Respond with ONLY the improved query, no explanation.

Improved query:"""

            response = self.client.chat.completions.create(
                model="gpt-4o-mini",
                messages=[
                    {"role": "system", "content": "You are a query refinement expert for loan application rules."},
                    {"role": "user", "content": refine_prompt}
                ],
                temperature=0.3,
                max_tokens=100
            )
            
            refined = response.choices[0].message.content.strip().strip('"')
            logger.info(f"Refined query: {refined}")
            return refined if refined else original_query
            
        except Exception as e:
            logger.error(f"Query refinement failed: {str(e)}")
            return original_query
    
    def retrieve_with_crag(self, query, top_k=2, relevance_threshold=0.7):
        """
        CRAG = Corrective RAG
        retrieves docs, checks if theyre good, retries if not
        """
        try:
            logger.info(f"CRAG: Retrieving for query: '{query[:50]}...'")
            
            docs = self.retrieve(query, top_k=top_k)
            
            if not docs:
                logger.warning("No documents retrieved")
                return [], 0.0
            
            # judge how relevant results are
            relevance_scores = self.judge_relevance(query, docs)
            
            for doc, score in zip(docs, relevance_scores):
                doc['relevance'] = score
            
            avg_relevance = np.mean(relevance_scores)

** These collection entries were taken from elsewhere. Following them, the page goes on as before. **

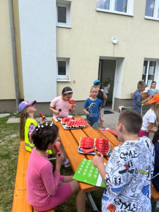 Všichni nakonec dostali sladkou odměnu a pochutnali si na melounu.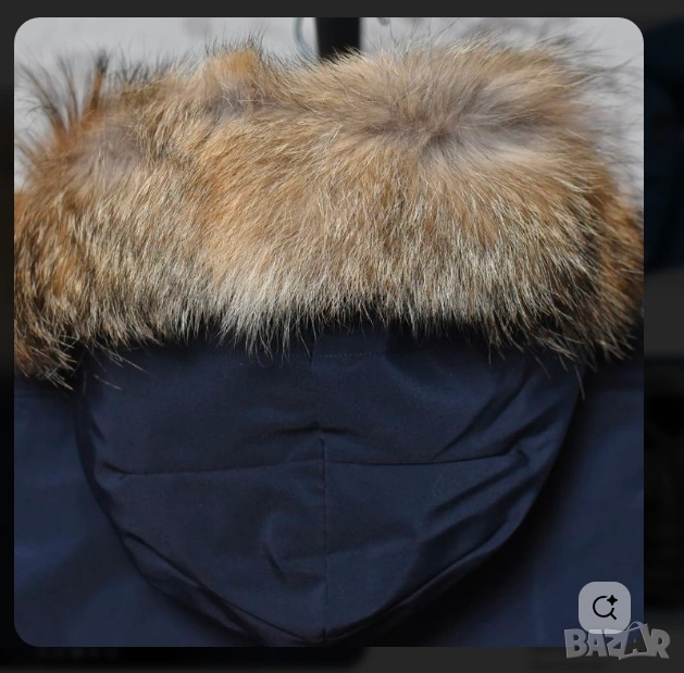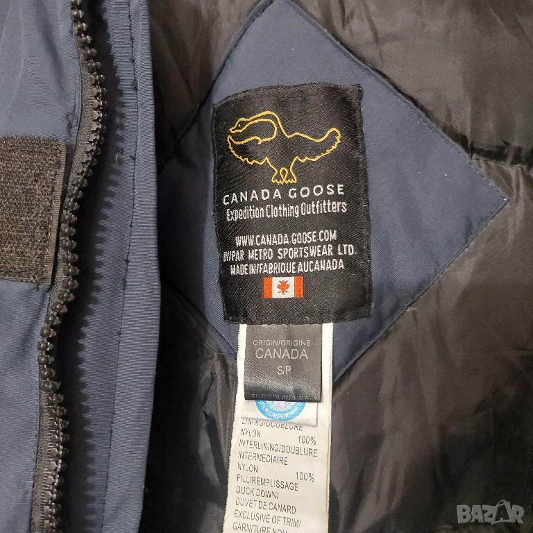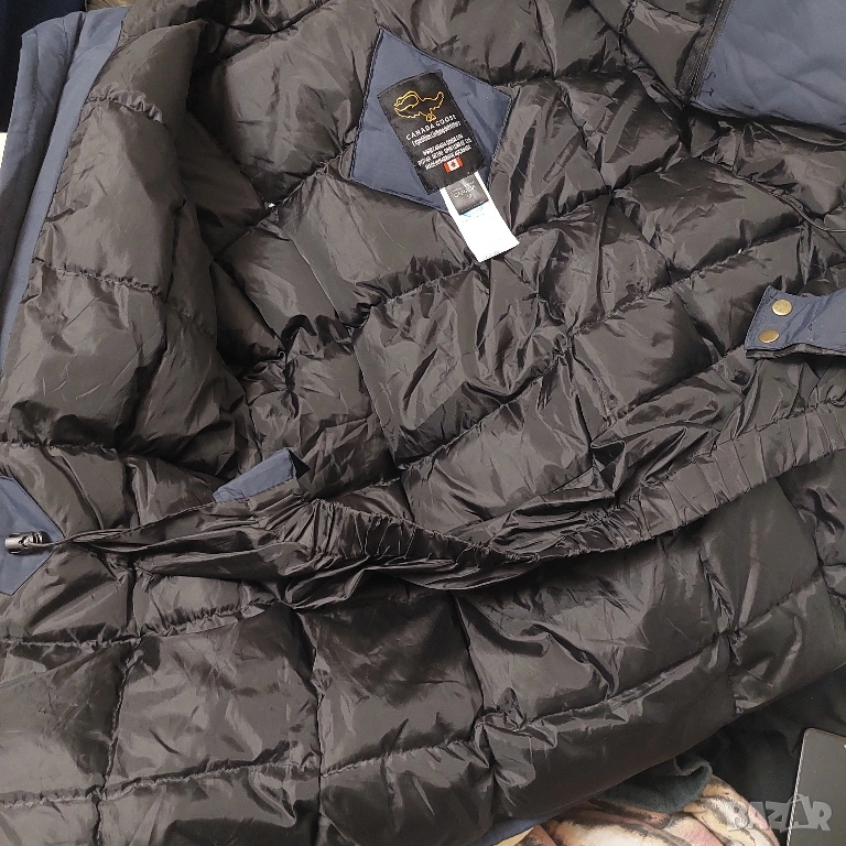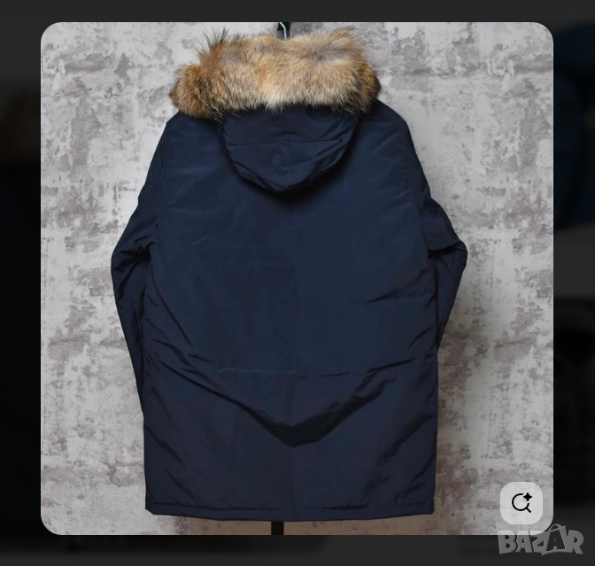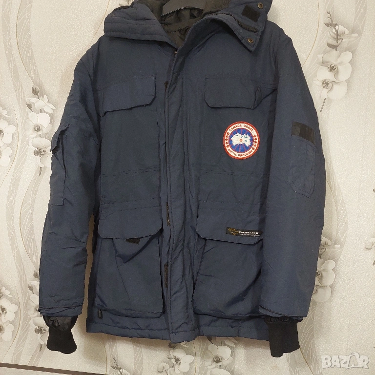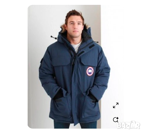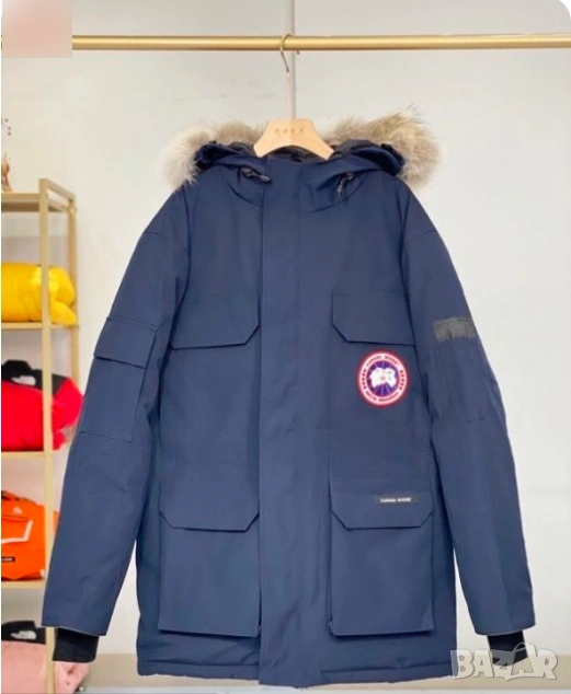 Canada Goose Expedition Parka в тъмно син цвят, проектирана да издържа на екстремни студени условия до -30°C и по-ниски. Якето е пълно с патешки пух и пера и разполага с множество джобове и регулируема качулка с козина.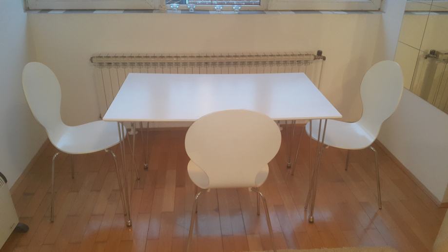 Prodajem bijeli stol s metalnim nogama kupljen u Jysku. Stol je vrlo malo koristen, sastavljen je i ubrzo rastavljen. Dimenzije: sirina 76, duzina 120, visina 73.
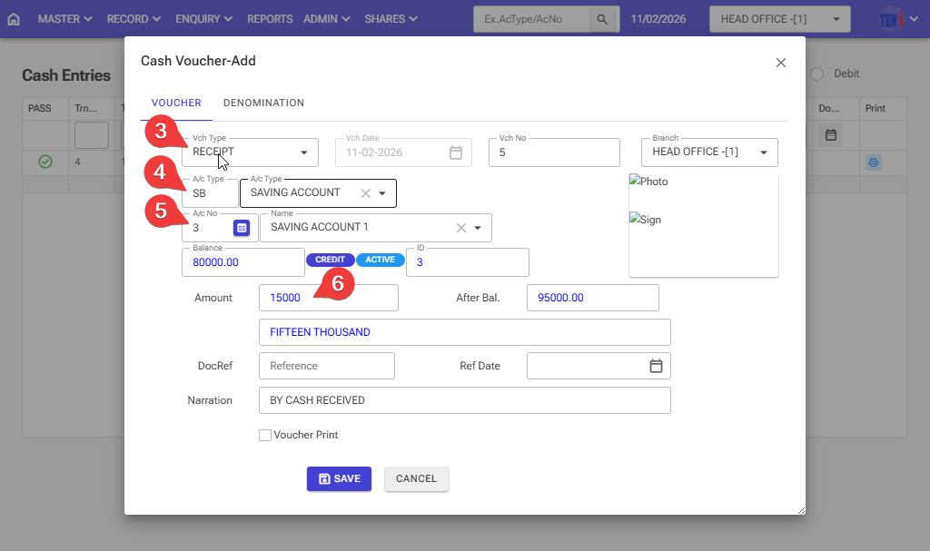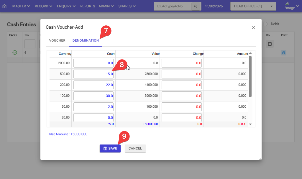 How to deposit money into a savings account and enter the denomination: Follow these steps in the software

            logger.debug(f"CRAG: Initial relevance: {avg_relevance:.3f}")
            
            # if relevance sucks, refine and try again
            if avg_relevance < relevance_threshold:
                logger.info("CRAG: Low relevance detected, refining query...")
                
                refined_query = self.refine_query(query, [d['text'] for d in docs])
                logger.debug(f"CRAG: Refined query: '{refined_query[:50]}...'")
                
                # try again with better query
                refined_docs = self.retrieve(refined_query, top_k=top_k)
                
                if refined_docs:
                    refined_relevance = self.judge_relevance(refined_query, refined_docs)
                    
                    for doc, score in zip(refined_docs, refined_relevance):
                        doc['relevance'] = score
                    
                    refined_avg = np.mean(refined_relevance)
                    logger.debug(f"CRAG: Refined relevance: {refined_avg:.3f}")
                    
                    # use refined results only if theyre better
                    if refined_avg > avg_relevance:
                        docs = refined_docs
                        avg_relevance = refined_avg
                        logger.info("CRAG: Using refined results")
                    else:
                        logger.info("CRAG: Keeping original results")
            
            # sort by relevance score
            docs.sort(key=lambda x: x['relevance'], reverse=True)
            
            return docs, avg_relevance
        
        except Exception as e:
            logger.error(f"CRAG failed: {str(e)}")
            return [], 0.0
    
    def format_context(self, documents, max_length=500):
        """Format docs into a string for llm context"""
        try:
            if not documents:
                return "No relevant policies found."
            
            context_parts = []
            for i, doc in enumerate(documents):
                text = doc['text'][:max_length]
                relevance = doc.get('relevance', doc.get('score', 0))
                context_parts.append(
                    f"Policy {i+1} (relevance: {relevance:.2f}):\n{text}"
                )
            
            return "\n\n".join(context_parts)
        except Exception as e:
            logger.error(f"Context formatting failed: {str(e)}")
            return "Error formatting policy context."